THAT DOES IT: Nobody Taught Us How To Plant Rice

You may consider this entry a rant. It’s just that I am so sick and tired of hearing “We taught you how to plant rice blah-blah” a million times in my lifetime and I have taken it like a real Thaiwith non-confrontation “yeah-if-you-say-so” attitudeuntil now.


I met a group of Filipinos downstairs at the lobby (Sheraton Surabaya) earlier. Usual travel chit-chat and considering my deep affection for the Philippines, I always make it a point to be courteous and cool.

Until the conversation went to the RICE topic *again* – a standard pitch for Filipinos I meet around the world. “The Philippines taught the whole region the Science of Rice.”; “My country taught your country how to plant rice in the 60s.” “Thais, Vietnamese, Indonesians and our neighboring countries came to the Philippines in the 70s to study how to plant rice. The pitch varies but says the same thingthey taught US how to plant rice.

I am a big fan of GMA Network documentaries. My DVD collection is extensive and I have almost everything they aired (I’ll tell you where I got the unreleased episodes another time). Either Jiggy or Howie mentioned “the pitch” in one of their docus and I thought it was poor taste… let me point it out to you –

The Philippines DID NOT teach Southeast Asia (especially Thailand) how to plant rice.

The Tai People of ancient Thailand has been planting rice since 4,000 BC. And considering our continuous history, chances are, the knowledge has been handed down to this day. The earliest and most convincing archeological evidence for domestication of rice in Southeast Asia was discovered by Wilhelm G. Solheim II in 1966 in Non Nok Tha in the Korat area of Thailand.

Korat and the Angkorian Kingdoms of Cambodia had close ties later on in history. Rice is already a staple in the ancient kingdoms of Southeast Asia. And evidences of cultivated rice as old as 10,000 BC are discovered in Spirit Cave on the Thai-Burmese border as well.

The International Rice Research Institute (IRRI) which happens to be located in the Philippines may be the source of this worldwide/region-wide “pitch”…

The IRRI is a non-profit, non-government organization established by Ford and Rockefeller Foundations of America in the height of the Asian Americanization of the 60s. They chose the location [among many reasons] because the Philippines is America’s closest ally in those days. So... what if they have chosen Cambodia to be the location of IRRI? Would it mean that Cambodia "taught" all of us how to plant rice?

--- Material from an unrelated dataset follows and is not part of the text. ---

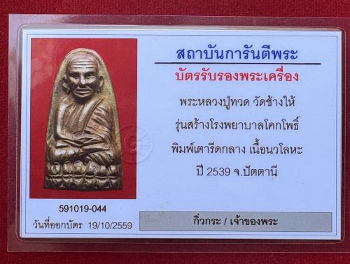 หลวงปู่ทวด วัดช้างให้ หลังเตารีด พิมพ์กลาง เนื้อนวะโลหะ รุ่นสร้างโรงพยาบาลโคกโพธิ์ ปี 2539 พร้อมบัตรรับรอง 88167988

Why do you think PhilRice was established in 1986? The same function, same research, same purpose – but the Filipinos fully own it. So, IRRI [where a lot of Southeast Asians came for further studies] is, in fact, an AMERICAN institution.

And please don’t bother commenting “IRRI is located here, so technically…” because I don’t wanna hear it. The ADB Headquarters is located there so does that mean you guys “taught” us how to bank? Ha!


From this day on, if I hear that darn “pitch” again…

I’m gonna talk back.

****

--Pisanu in Surabaya
08 Sept 2008

31 Comments:

curbside_puppet said...

i love this post. it is so honest!

but i feel for you pisanu. must be really annoying (probably the right word to describe your rant) to hear such a thing over and over again.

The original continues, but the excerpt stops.